Objective: Develop a system of practice tools and procedures to prompt shared decision making in primary care. SDM-GRIP (Shared Decision Making Guidance Reminders in Practice) was developed for suspected stable coronary artery disease (CAD), prior to the percutaneous coronary intervention (PCI) decision.

Methods: Program evaluation of SDM-GRIP components: Grand Rounds, provider training (communication skills and clinical evidence), decision aid (DA), patient group visit, encounter decision guide (EDG), SDM provider visit.

Results: Participation-Physician training=73% (21/29); patient group visits=25% of patients with diagnosis of CAD contacted (43/168). SDM visits=16% (27/168). Among SDM visit pairs, 82% of responding providers reported using the EDG in SDM encounters. Patients valued the SDM-GRIP program, and wanted to discuss comparative effectiveness information with a cardiologist. SDM visits were routinely reimbursed.

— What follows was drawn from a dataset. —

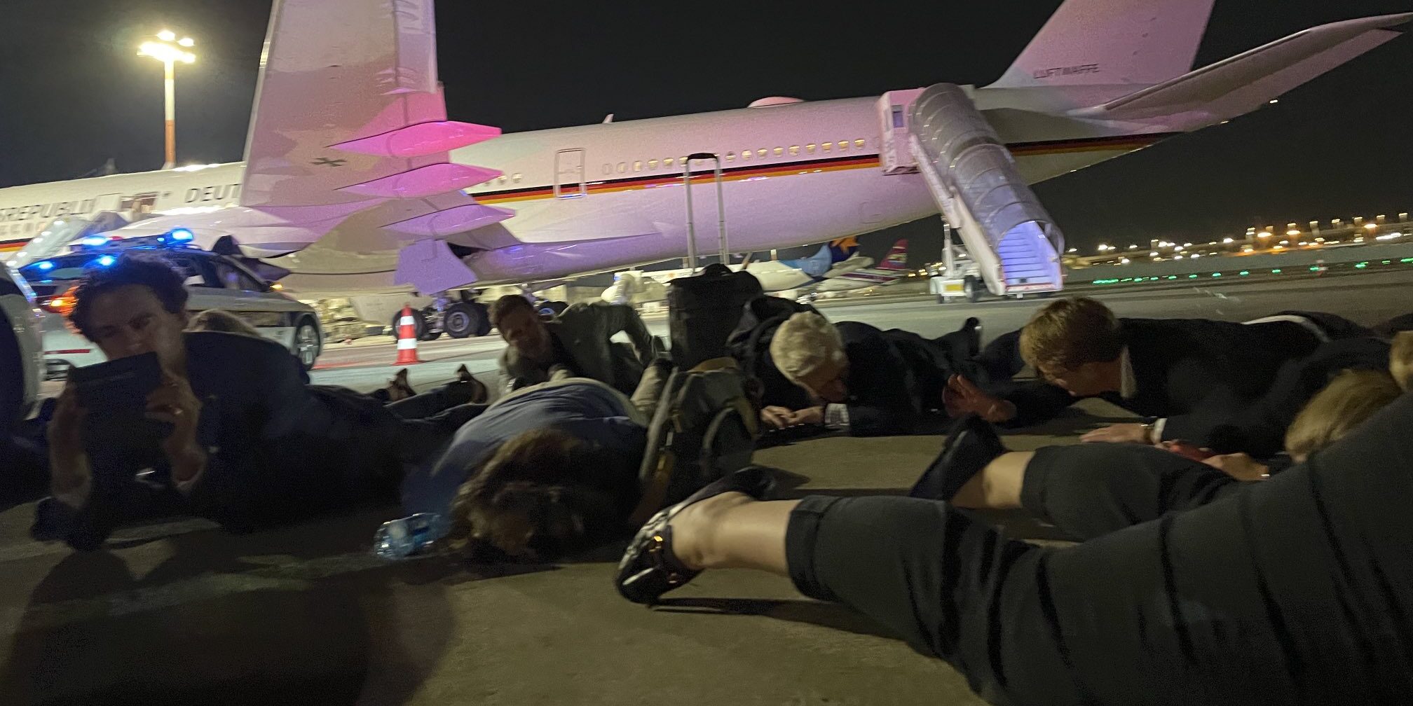 Uçağı boşaltan Almanya heyeti, sirenler susana kadar yere yatarak bekledi.

Conclusion: Program elements were well received and logistically feasible. However, recruitment to an extra educational group visit was low. Future implementation will move SDM-GRIP to the point of routine ordering of non-emergent stress tests to retain pre-decision timing of PCI and to improve coordination of care, with SDM tools available across primary care and cardiology.

Practice implications: Guidance prompts and provider training appear feasible. Implementation at stress testing requires further investigation.